А утром сегодня был уже первый снежок, – когда вышли на завтрак, он еще лежал на досках мостика через арык перед калиткой и еще на каких–то досках во дворе, на земле уже стаял. Очень холодно, – в Нижнем, передавали утром в новостях, +4...+6, а здесь еще меньше, градуса 2–3 всего, здесь явно севернее, чем в Москве, и светает раньше (заметила мать на свиданке), и холодает тоже раньше. В ноябре будет уже настоящая лютая зима.

11.10.08. 9–27

Осень. Холодно. Тоскливо. Опять пришло время шнуровать ботинки 5 раз в день. На завтрак, обед, ужин, утреннюю и вечернюю проверки. Дома меня тоже раздражало зимой шнуровать обувь, но там это было максимум 2 раза в день, а не 5.

А какую музыку я здесь слушаю? Потом буду, м.б., вспоминать эти слышанные здесь песни (услышу ли их еще на воле? И будет ли воля?..).

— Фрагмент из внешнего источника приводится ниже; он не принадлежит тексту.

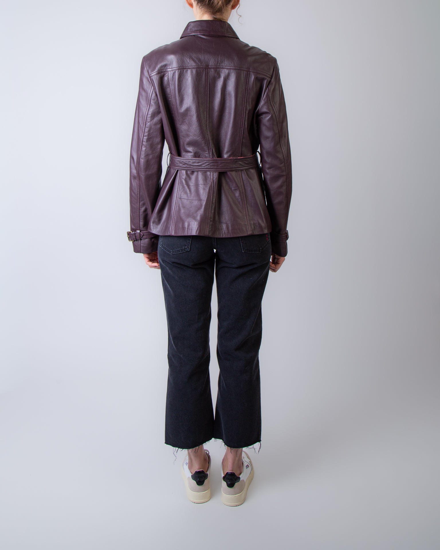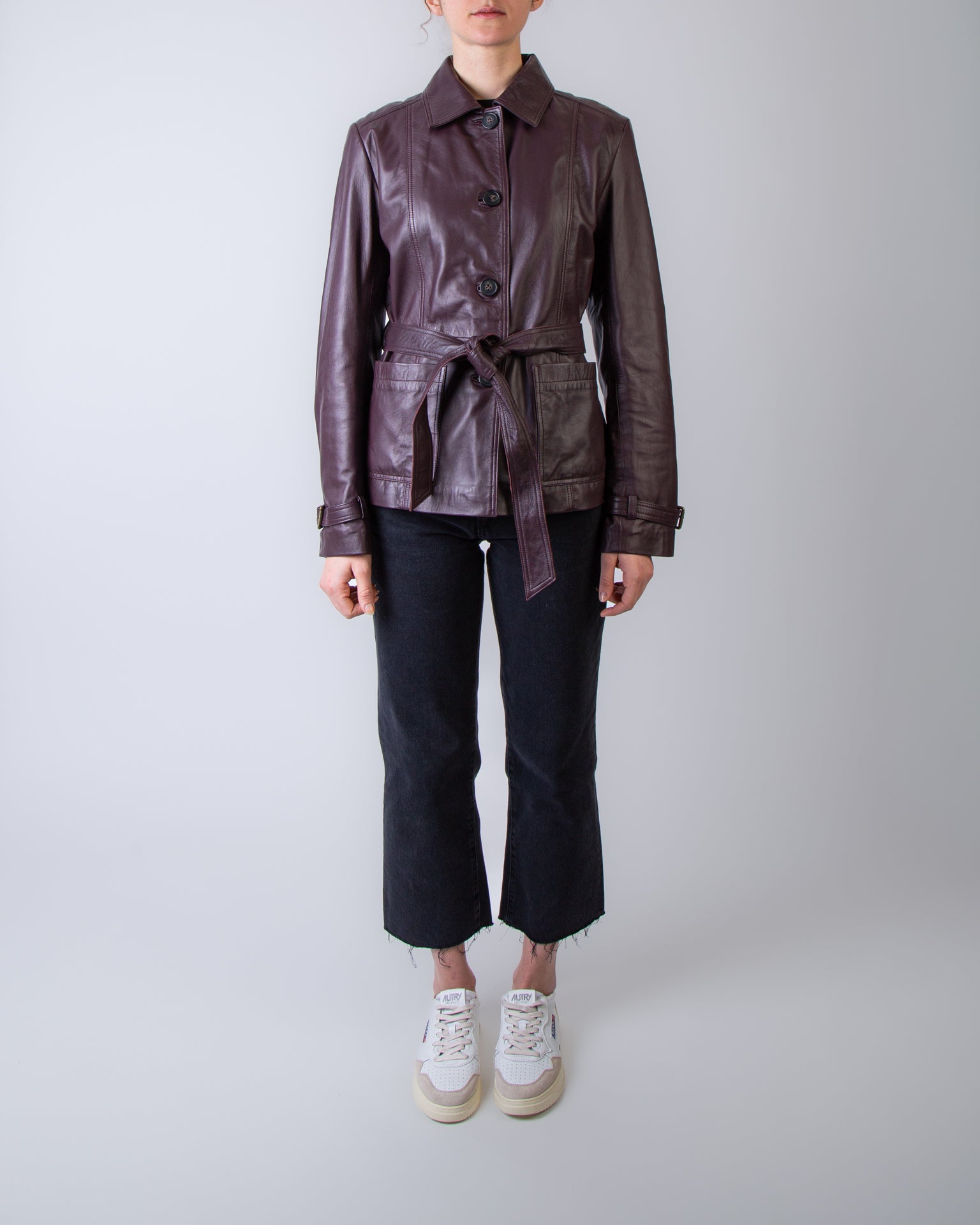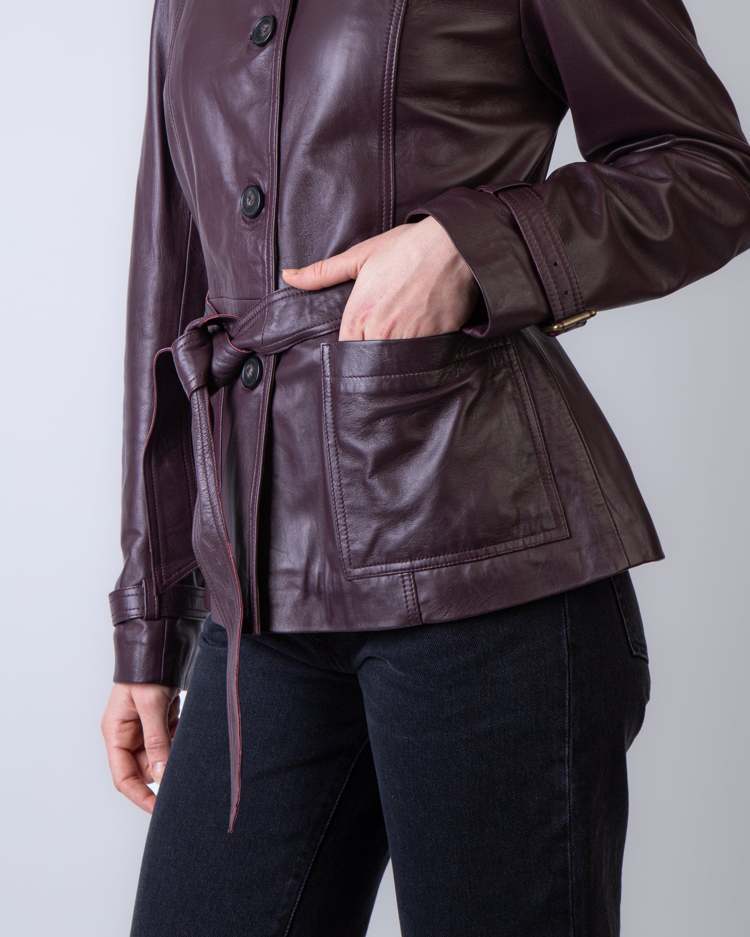 Vanessabruno, women's jacket 4HVH02 V03732 566 burgundy, Francisco faux leather with belt. The model is 175 cm tall and wears a size L.
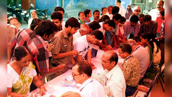 Voters stand in queue to at a polling booth in Mehrauli, Delhi to case their votes. . Naresh Sharma/ Firstpost
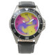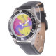 My husband loves the watch, he likes the dial, the graphics, the band, and it keeps perfect time.
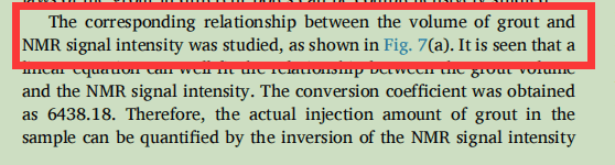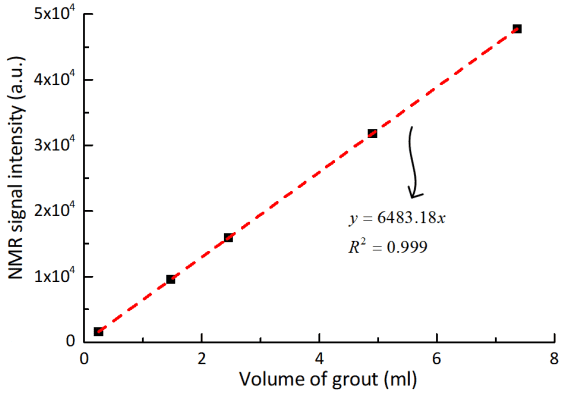 通过对不同体积浆液进行核磁共振测试,可以拟合得到核磁信号强度与浆液体积间的定量关系,据此可对注浆过程中进入试样的实际浆液注入量进行定量反演。
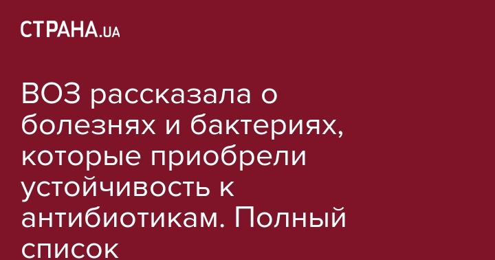 В понедельник, 27 февраля 2017 года Всемирная организация здравоохранения опубликовала список заболеваний, которые приобрели устойчивость к ныне используемым для лечения антибиотикам.
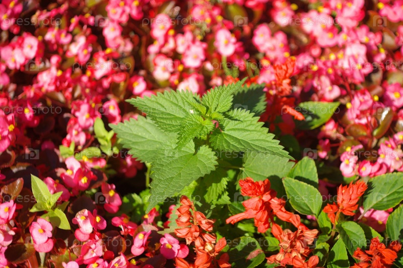 Крапива и красные цветочки
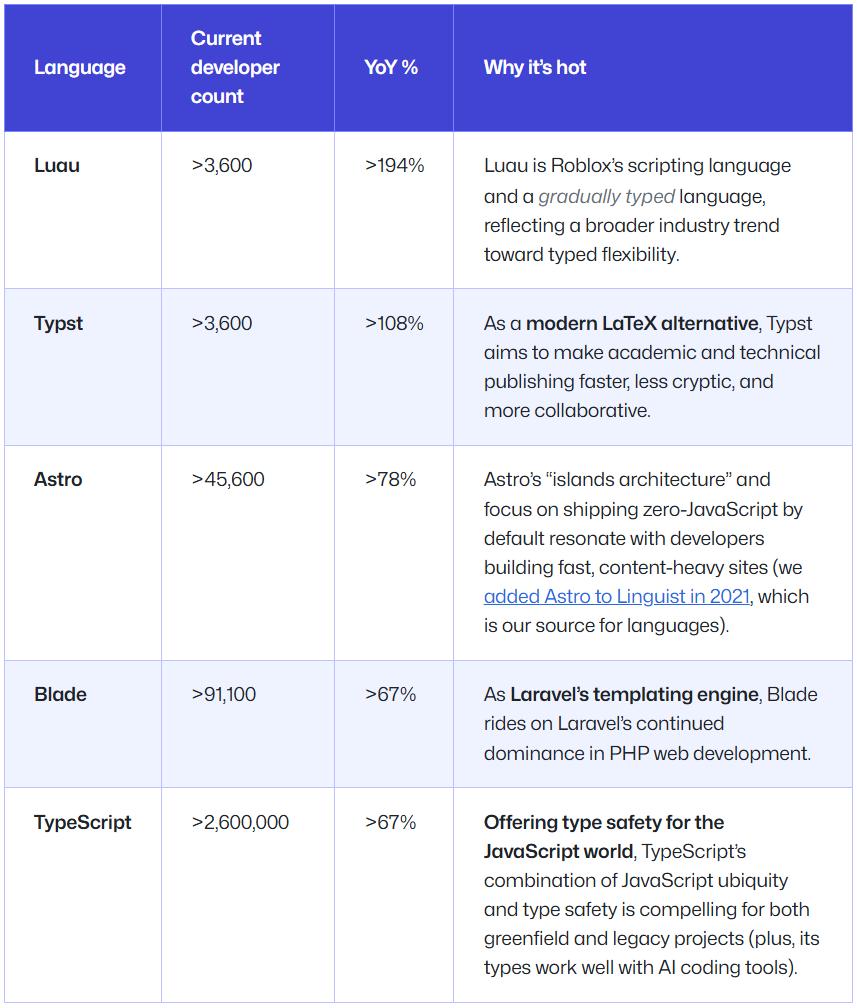 增長最快的語言是 Luau。Luau 是 Roblox 的腳本語言,也是一個逐步類型化的語言,體現了整個行業向「類型靈活性」發展的趨勢。
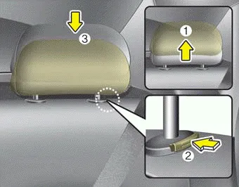 To raise the headrest, pull it up to the desired position (1). To lower the headrest, push and hold the release button (2) on the headrest support and lower the headrest to the desired position (3).
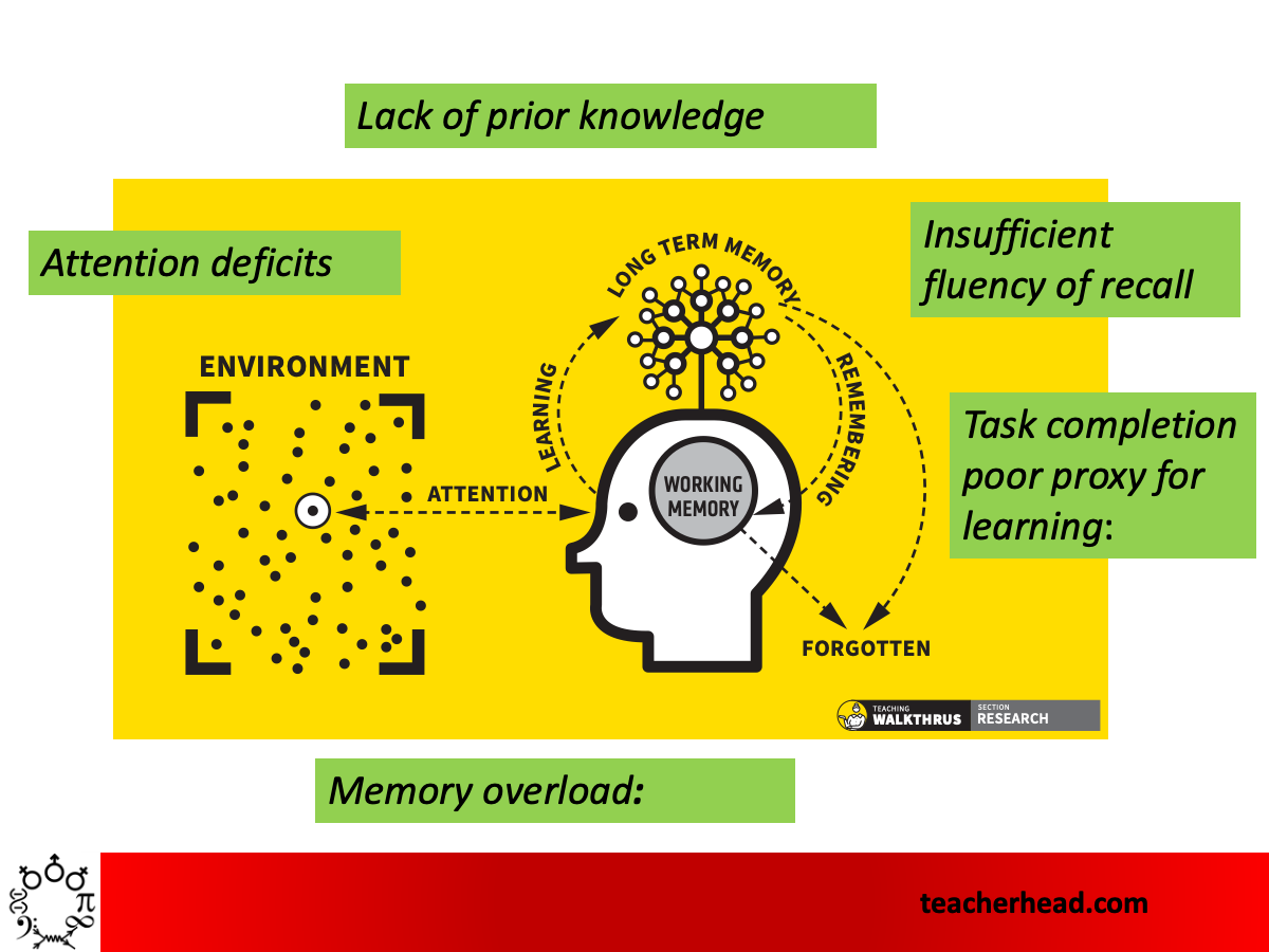 Attention: It’s less about being distracted by external stimuli – the busy wall or a noisy room. It’s more about fighting through the busyness of our thoughts for internal mental attention. The arrow is double headed – because we can direct our attention with effort as well as being open to external stimuli. Focusing attention is a challenge for all of us, not just our students. We then go on to discuss how we have to engineer attention through tasks that involve everyone thinking about the material in hand. Soft accountability – as in the expectations embedded in cold calling or show-me boards – provides an incentive for students to apply the effort needed to direct their attention in the right way for the learning process.
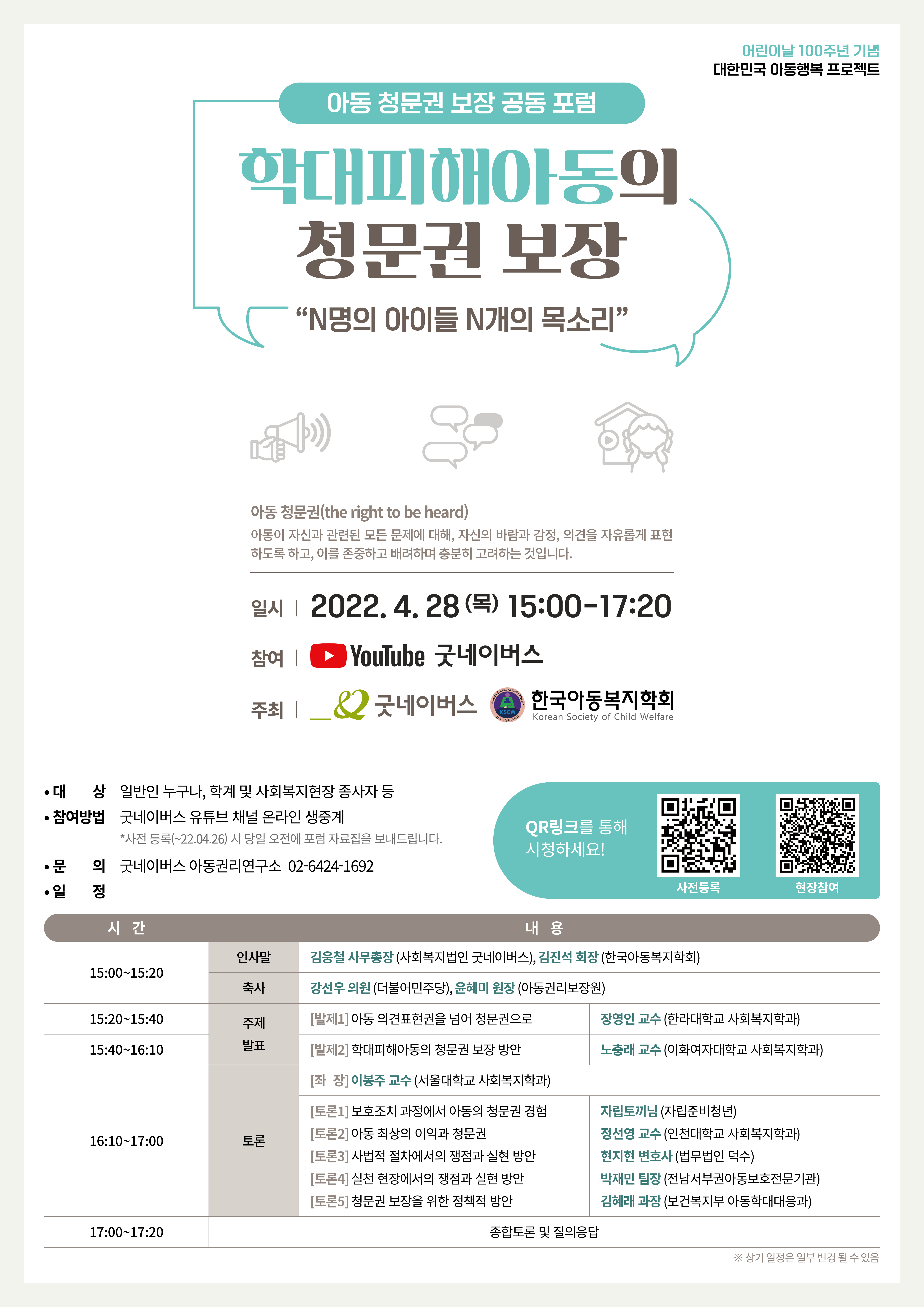 듣도록 요구할 권리인 아동청문권이 아동보호체계 전반(사법, 행정, 실천 현장 등)에서 보장될 수 있도록 구체적인 방안을 모색하고 논의 하고자 마련되었습니다.
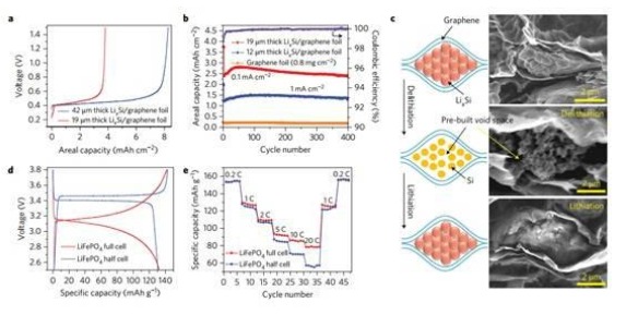 圖四, 硅鋰合金-石墨烯柔性電極的電化學性能。 (Nature Nanotech., 2017, 12, 993–999)

Майка в полосочку, в клеточку штаны,

До утра по улицам гуляют пацаны.

Осталось еще 890 дней. Вроде уже не так много, но... 127 недель и 1 день. Даже в Новый год еще останется целых 116 недель...

12.10.08. 10–57

Воскресенье. Утро. На улице – дождь, холод, промозглая осенняя сырость, лужи и ветер. После завтрака теперь не погуляешь, как я привык летом, Что делать? Лечь спать? Перед каждым подъемом я мечтаю об этом, – что вот после завтрака сегодня лягу, согреюсь и засну... Но обычно это не получается. Сегодня вот лег, потому что делать было нечего совсем, ни читать, ни писать не хотелось, а мать дозвонилась рано, еще во время завтрака, ее можно было не ждать. Но только стал засыпать, – сперва вспомнил, что сегодня может прийти отрядник, где–нибудь часов в 10, а затем он и сам явился, – было всего 9–30! В секцию не зашел, прямо к себе в кабинет, но все равно – сон он мне сбил, уже снова так хорошо, блаженно не будет, как было до него, сразу после завтрака. Хорошо еще, что прошла сама собой голова, тогда же, после завтрака, начавшая непонятно с чего болеть, и не пришлось даже принимать таблетку.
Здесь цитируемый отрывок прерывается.